My wedding is exactly 8 months away. I have a total of 8 bridesmaids and 2 junior bridesmaids. One of my bestfriends is serving as my matron of honor, while my sister and other bestfriend are serving as co-maids of honor. My father and stepmother just got married, but have been together for several years, (before my fiance and I got together). I'm not very close to my stepsister, but to please my father and stepmother I placed my stepsister behind my last honor attendant.
I came home to find out that my fiance's sister was very upset that I put my stepsister before her. My mother-in-law actually sent my fiance a text message to tell me to put her in front of my stepsister. He doesn't care either way, because this whole planning process has been a drama filled mess from the beginning. Either my father is upset or his mother is upset about something.
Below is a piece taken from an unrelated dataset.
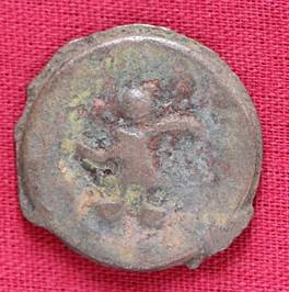 | Description / विवरण | The shape of the coin is circular. Obverse Kushana type king, standing with his right hand curved upwards and his left hand curved downwards. Reverse Probably the figure of MAO or Moon-God with his right hand curved upwards and the crescent above the left shoulder. |

How should I proceed? I am closer to my sister-in-law, but because we are now a blended family (my mother is deceased), I thought it would be a showing of 'good faith' to put my stepsister after my sister and honor attendants. What is the general rule of thumb?
Please advise.
(This post was
edited by TWQadmin on Mar 9, 2008, 7:26 PM)
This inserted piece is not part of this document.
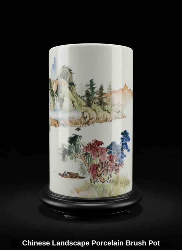 * Chinese Landscape Porcelain Brush Pot

I'm not certain why the order of lineup needs to be determined 8 months in advance in this case - unless the dresses are alternating colors. Usually, outside of the "honor attendant" positions, people just line their attendants up by height, or in a manner that is visually appealing in photographs. There's no reason (other than the alternating dress style/color one) to discuss with them where they will stand this early.
When you do give them the final lineup, you could just tell them that you've balance the group for the best photographic presentation. By telling them that you'e chosen a spot because you're closer to one than another, you're automatically setting out to hurt someone's feeling.